For most cost effective/easiest/most power efficient, buy an M1 Max with as much VRAM as you need to run the models you want (I recently got a 64gb M1 Max for $1200 that runs Qwen 3.5 122b at about 200 t/s prompt processing, 20 t/s generation. Running continuous openclaw cron jobs in the background, sipping power, not heating up the room or making any noise, love it)

For a bigger budget+fastest, stack 5090s (32gb), or if you don't want so many gpus to physically manage, NVIDIA RTX Pro 6000 Blackwell (96gb).

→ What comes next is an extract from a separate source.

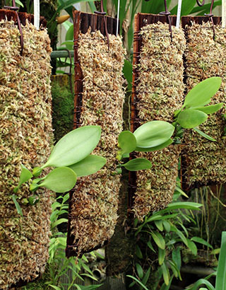 Bulbophyllum sp (種名不詳種sp14)、Bulbophyllum polyflorum,およびDendrobium rhombeumの植え替え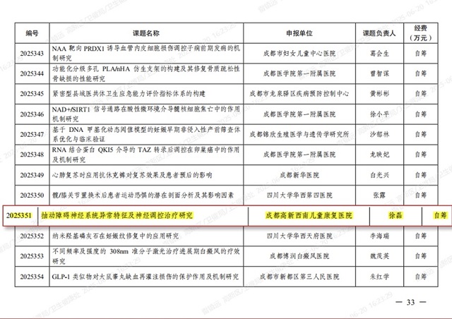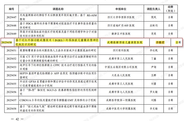 近日,成都市卫生健康委员会正式发布《关于下达2025年成都市医学科研课题立项项目的通知》(成卫健发〔2025〕32号)。西南儿童医院一城两院申报的4项聚焦特需儿童健康关键难题的科研课题,全部成功获批立项。这不仅是对医院科研实力的高度认可,更是医院践行“科研兴院”战略、以科技创新驱动服务升级的又一重要里程碑。

For bigger budget+easiest, M3 Ultra or M4 Max with lots of VRAM, or wait for M5 Ultra/max. Performance comparison: https://github.com/ggml-org/llama.cpp/discussions/4167

AMD is a place to go to increase cost effectiveness in exchange for more software management headache. Ryzen AI Max+ 395 128gb is an interesting alternative to large-vram mac setups for running big models with minimal hardware and max power efficiency.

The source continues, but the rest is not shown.